Clinigen, a global leader in accelerating patient access to critical medicines, obtained the world's first prescription drug approval for a human breast milk nutritional fortifier on the Japanese market.
Clinigen K.K. and Prolacta Bioscience obtained regulatory approval for ‘PreemieFort® Enteral Solution’ in Japan as the world’s first human milk-based nutritional fortifier regulated as a prescription drug. Highlighting the country's leadership in neonatal care and high preterm survival rates, Prolacta designated Clinigen as its exclusive licensee and marketing authorization holder in Japan
Human milk-derived fortifiers are part of specialized nutritional strategies, and their growth emphasizing the need for robust regulatory frameworks to ensure safety, quality, and access. Extensive clinical data, including the JASMINE Phase III trial, supports Clinigen’s regulatory strategy to secure pharmaceutical approval in Japan.
Prolacta’s “PreemieFort® Enteral Solution” is intended for VLBW infants, as well as neonates and infants with conditions such as congenital gastrointestinal disorders or congenital heart diseases. It is also intended for those recovering from gastrointestinal surgery, which indicates a failure to gain weight. The approval acknowledges the critical role of human milk-based nutrition for these at-risk babies.

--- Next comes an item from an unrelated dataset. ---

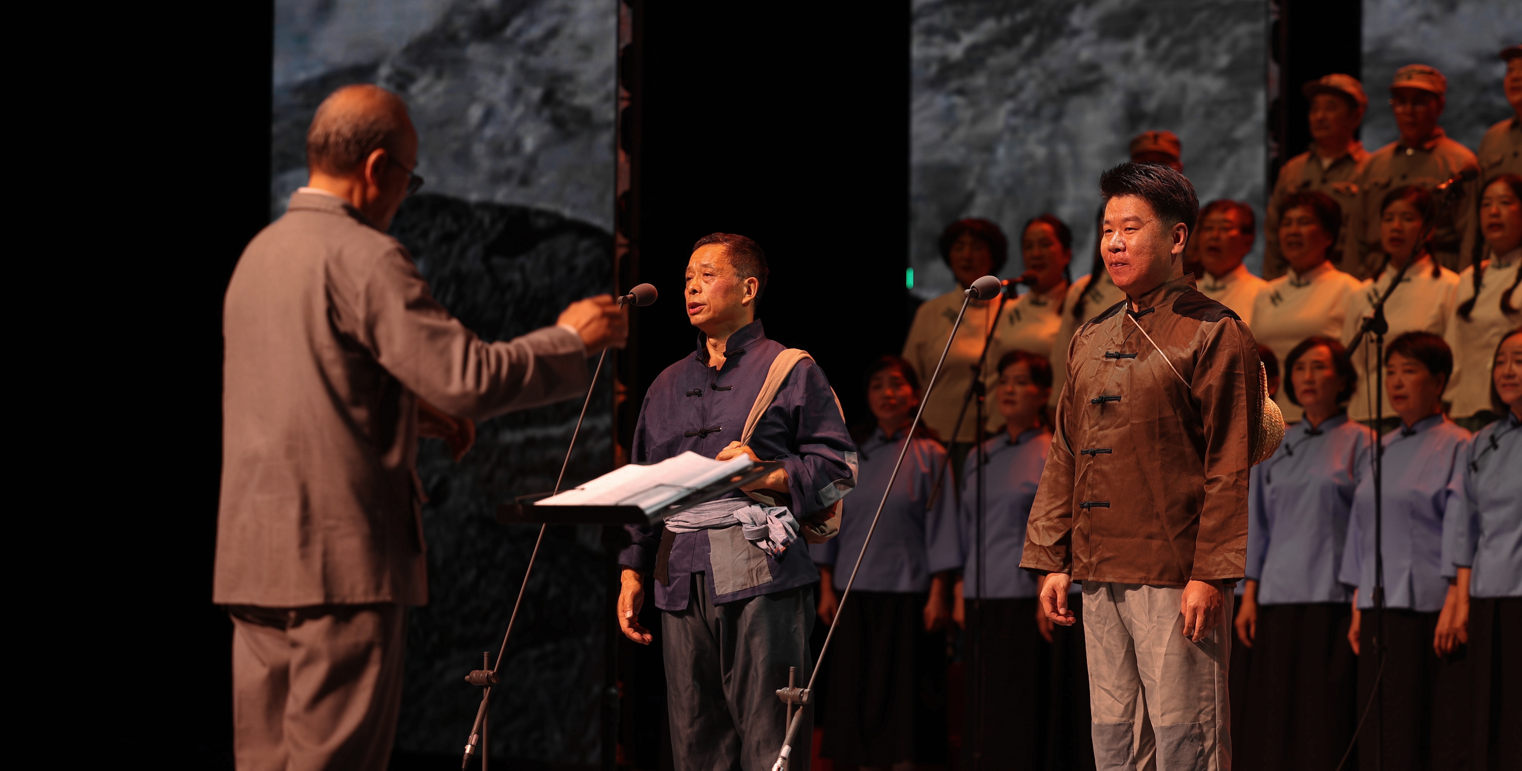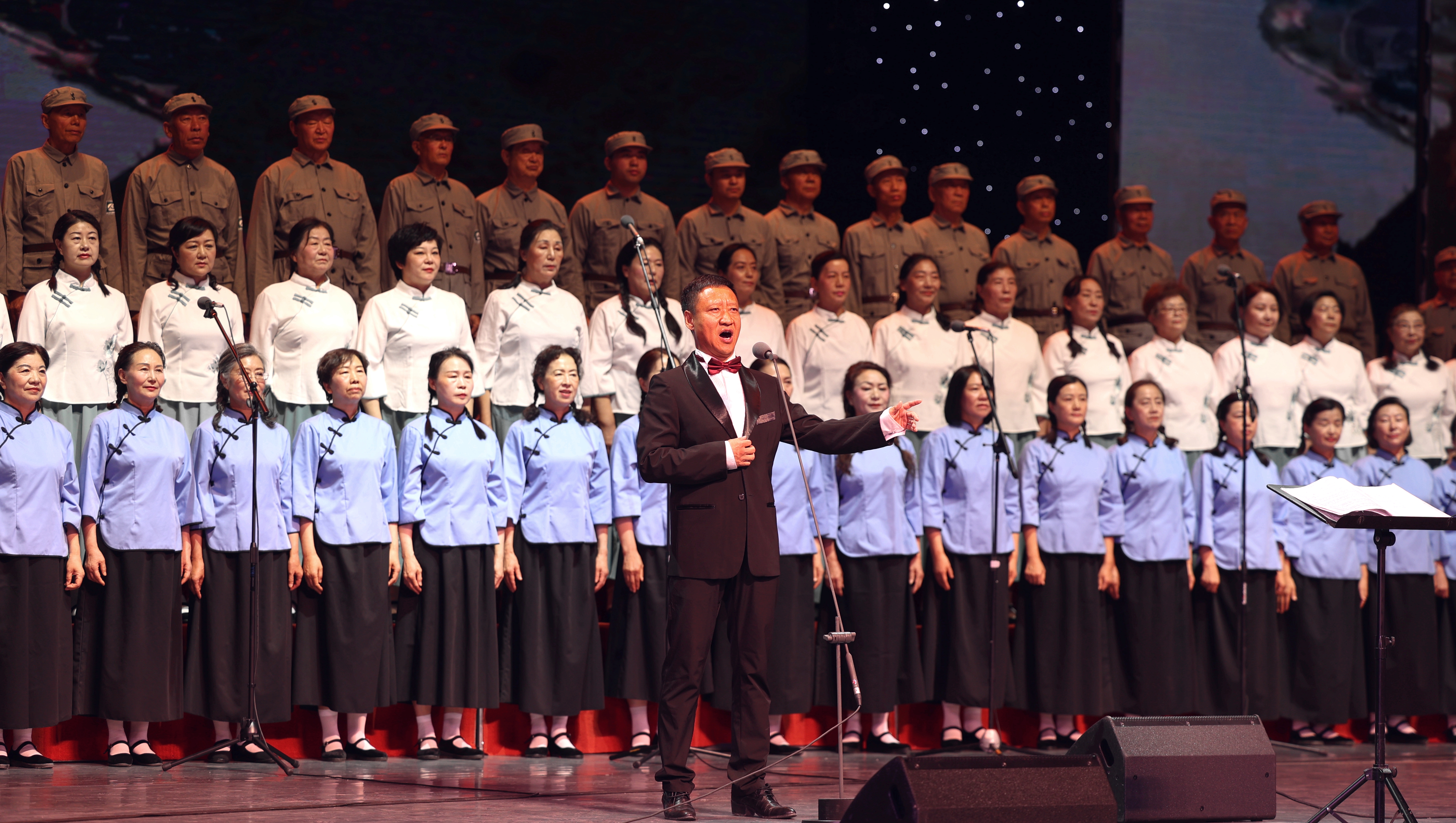 地区音乐家协会主席、地区音协合唱团指挥林勇刚表示:“这些旋律里既有先烈的热血,也有民族的脊梁,我们将这份力量传递给观众——记住历史,才懂今天的安宁多珍贵。”诗朗诵《黄河之水天上来》表演者孙磊动情地说:“历史的车轮滚滚向前,但80年后的今天,当我们再次回望那段烽火岁月,心中依然充满敬畏与感怀。历史的创伤永远不能遗忘,英勇抗战的精神永远不能褪色!”

“Japan’s approval reflects a clear regulatory judgment that this category warrants pharmaceutical-level oversight.” Dr. Varun Sethi, CEO, Clinigen commented, “The regulatory authorities have carefully reviewed and established the necessary protocols to ensure that PreemieFort® Enteral Solution, a human milk-based product has been tested and approved according to medicine standards. Patient access is determined by quality, safety, and efficacy, not geography.

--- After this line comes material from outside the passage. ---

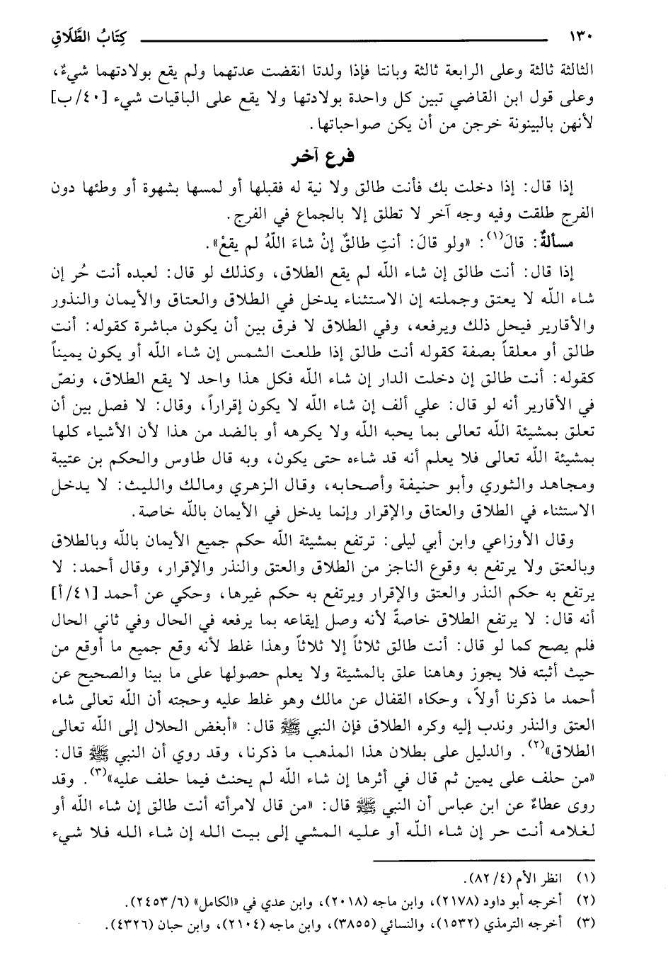 إذا قال: أنت طالق إن شاء الله لم يقع الطلاق, وكذلك لو قال: لعبده أنت حر إن شاء الله لا يعتق وجملته إن الاستثناء يدخل في الطلاق والعتاق والإيمان والنذور والأقارير فيحل ذلك ويرفعه, وفي الطلاق لا فرق بين أن يكون مباشرة كقوله: أنت طالق ومعلقًا بصفة كقوله أنت طالق إذا طلعت الشمس إن شاء الله أو يكون يمينًا كقوله: أنت طالق إن دخلت الدار إن شاء الله فكل هذا واحد لا يقع الطلاق, ونص في الأقارير أنه لو قال: علي ألف إن شاء الله لا يكون إقرارًا, وقال: لا فصل بين أن تعلق بمشيئة الله تعالى بما يحبه الله ولا يكرهه أو بالضد من هذا لأن الأشياء كلها بمشيئة الله تعالى فلا يعلم أنه قد شاءه حتى يكون, وبه قال طاوس والحكم بن عتبية وجاهد والثوري وأبو حنيفة وأصحابه, وقال الزهري ومالك والليث: لا يدخل الاستثناء في الطلاق والعتاق والإقرار وإنما يدخل في الإيمان بالله خاصة.

"A complex, new science asset was updated in Japan, opening new markets and helping vulnerable infants.” Scott Elster, CEO, of Prolacta said: “We are proud to have secured approval for the world’s first human milk-based fortifier for therapeutic use in Japan underscoring the strength of our pharmaceutical-grade manufacturing, quality systems, clinical evidence, and regulatory expertise. This landmark approval enables access to more at-risk infants globally.”